During a printing operation, an electrical signal is provided from the printer controller to activate one or more of the heater resistors 12 thereby heating ink in the ink chamber 42 to vaporize a component of the ink thereby forcing ink through nozzle 40 toward a print media. Ink is caused to refill the ink channel 44 and ink chamber 42 by collapse of the bubble in the ink and capillary action. The ink flows from an ink supply container through an ink feed slot 56 in the chip carrier or cartridge body 28 to the ink feed vias 14 in the chip 10. It will be appreciated that the ink vias 14 made by the methods of the invention as opposed to vias 14 made by grit blasting techniques, provide chips 10 having greater structural integrity and greater placement accuracy. In order to provide chips 10 having greater structural integrity, it is important to form the vias 14 with minimum damage to the semiconductor chip 10.

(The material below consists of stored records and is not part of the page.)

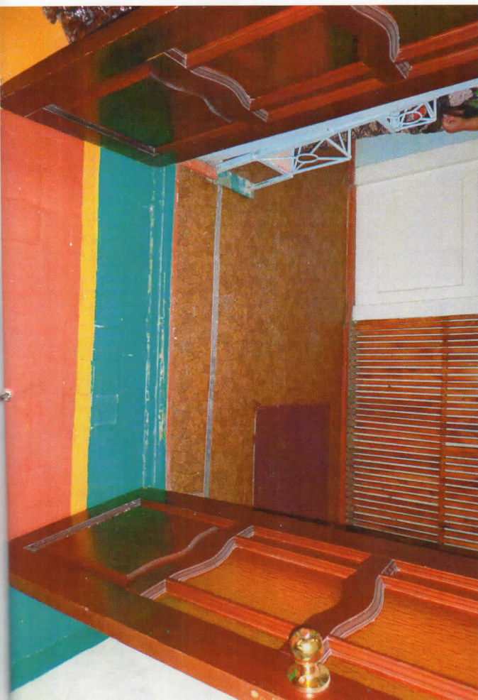
Формо № 54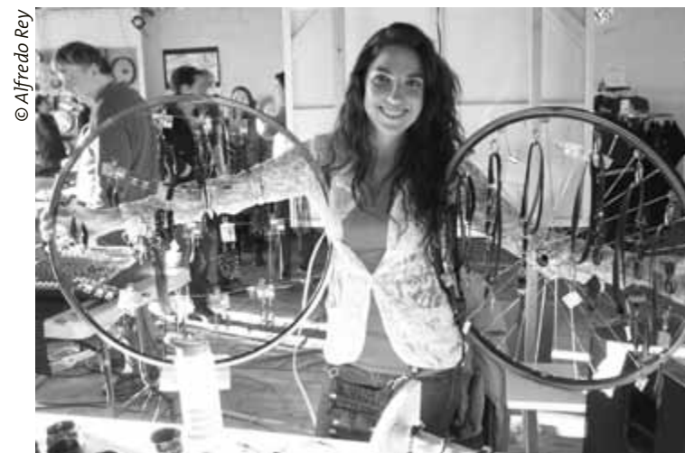
Au Marché CyclArt, une artisane vend ses bijoux en chambres à air.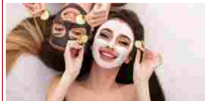
Scrub, vitamine e aloe: così l’abbronzatura dura a lungo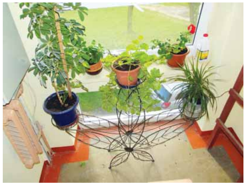
K. Kalinausko g. 11-ojo namo laiptinė ir valytoja nepriekaištingai valo, ir gyventojai puošia daugybe gėlių.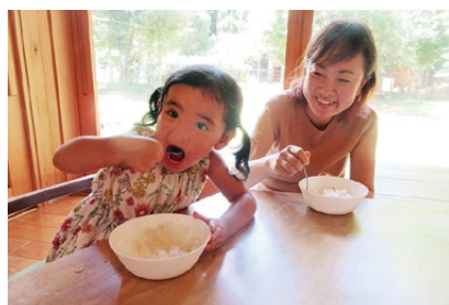
▲梅シロップかき氷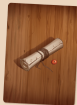
Carta de Evento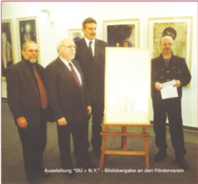
Ausstellung "DU + N.Y." - Bildübergabe an den Förderverein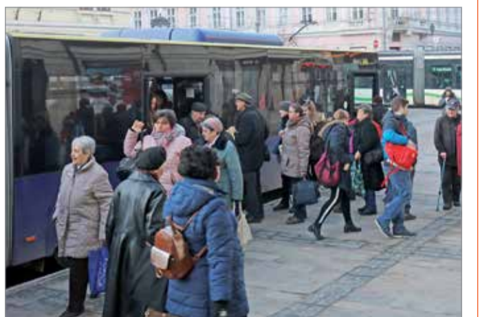
A legnagyobb hitelfeltevő a maga 4,6 milliárdjával az MVK Zrt.

Végül elhangzott: az átvilágítás részletekbe menően folytatni fogják, és a közeljövőben kiterjesztik az önkormányzati intézményekre is. A Miskolc Holding átalakítása tehát megkezdődött, új a cégstruktúra, vezetői szinteket szüntettek meg, takarékosági intézkedéseket léptettek életbe, a Városháza és a Holding pedig egyeztet a cégcsoport és a városi költségvetés konszolidációjáról. K.I.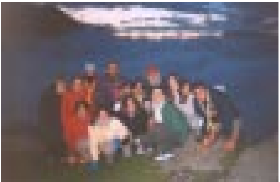
Al primer refugi, Tre la Tete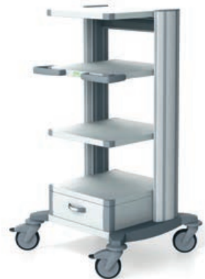
toro 45 Gerätewagen 2

A preferred method for forming ink vias 14 in a silicon semiconductor substrate 32 is a dry etch technique selected from deep reactive ion etching (DRIE) and inductively coupled plasma (ICP) etching. Both techniques employ an etching plasma comprising an etching gas derived from fluorine compounds such as sulfur hexafluoride (SF6), tetrafluoromethane (CF4) and trifluoroamine (NF3). A particularly preferred etching gas is SF6. A passivating gas is also used during the etching process. The passivating gas is derived from a gas selected from the group consisting of trifluoromethane (CHF3), tetrafluoroethane (C2F4), hexafluoroethane (C2F6), difluoroethane (C2H2F2), octofluorobutane (C4F8) and mixtures thereof. A particularly preferred passivating gas is C4F8.
In order to conduct dry etching of vias 14 in the silicon semiconductor substrate 32, the device layer 34 of the chip 10 is preferably coated with an etch stop material selected from SiO2, a positive or negative photoresist material, etch resistant polymeric materials, etch resistant polymeric films or tapes, metal and metal oxides, i.e., tantalum, tantalum oxide, titanium dioxide and the like. The application and use of an etch stop material during the ink via 14 fabrication process will be described in more detail below.

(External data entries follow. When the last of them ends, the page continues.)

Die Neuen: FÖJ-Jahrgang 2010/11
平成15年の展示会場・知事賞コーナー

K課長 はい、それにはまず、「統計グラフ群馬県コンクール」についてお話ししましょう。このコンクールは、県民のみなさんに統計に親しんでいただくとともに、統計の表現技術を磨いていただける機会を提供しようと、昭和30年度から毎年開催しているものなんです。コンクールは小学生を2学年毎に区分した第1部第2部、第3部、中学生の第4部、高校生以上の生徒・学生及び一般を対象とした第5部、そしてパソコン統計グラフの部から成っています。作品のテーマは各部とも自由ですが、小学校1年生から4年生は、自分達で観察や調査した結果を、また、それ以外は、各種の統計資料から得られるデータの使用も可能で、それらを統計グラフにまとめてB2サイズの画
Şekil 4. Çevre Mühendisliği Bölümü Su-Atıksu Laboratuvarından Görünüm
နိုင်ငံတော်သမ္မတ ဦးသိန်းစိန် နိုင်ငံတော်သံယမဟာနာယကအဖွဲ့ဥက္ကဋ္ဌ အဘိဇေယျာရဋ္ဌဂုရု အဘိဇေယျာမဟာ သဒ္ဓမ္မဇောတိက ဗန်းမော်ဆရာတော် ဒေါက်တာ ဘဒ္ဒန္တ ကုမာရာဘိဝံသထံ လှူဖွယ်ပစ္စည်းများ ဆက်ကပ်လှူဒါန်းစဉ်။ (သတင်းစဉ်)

The device layer 34 of the chip is relatively thin compared to the thickness of the substrate layer 32 and will generally have a substrate layer 32 to device layer 34 thickness ratio ranging from about 125:1 to about 800:1. Accordingly, for a silicon substrate layer 32 having a thickness ranging from 300 to about 800 microns, the device layer 34 thickness may range from about 1 to about 4 microns.
The ink vias 14 in the chip 10 may be etched in the substrate 32 from either side of the substrate 32 or from both sides of the substrate 32. An etch stop material is preferably provided on one side of the substrate 32 during the etching process. When a positive or negative photoresist material is used to define the ink via locations on the chip surface for forming ink vias 14 in the substrate 32, the photoresist material is patterned using, for example, ultraviolet light and a photomask. After patterning, the photoresist material is then developed to provide openings in the photoresist material corresponding to the ink via locations.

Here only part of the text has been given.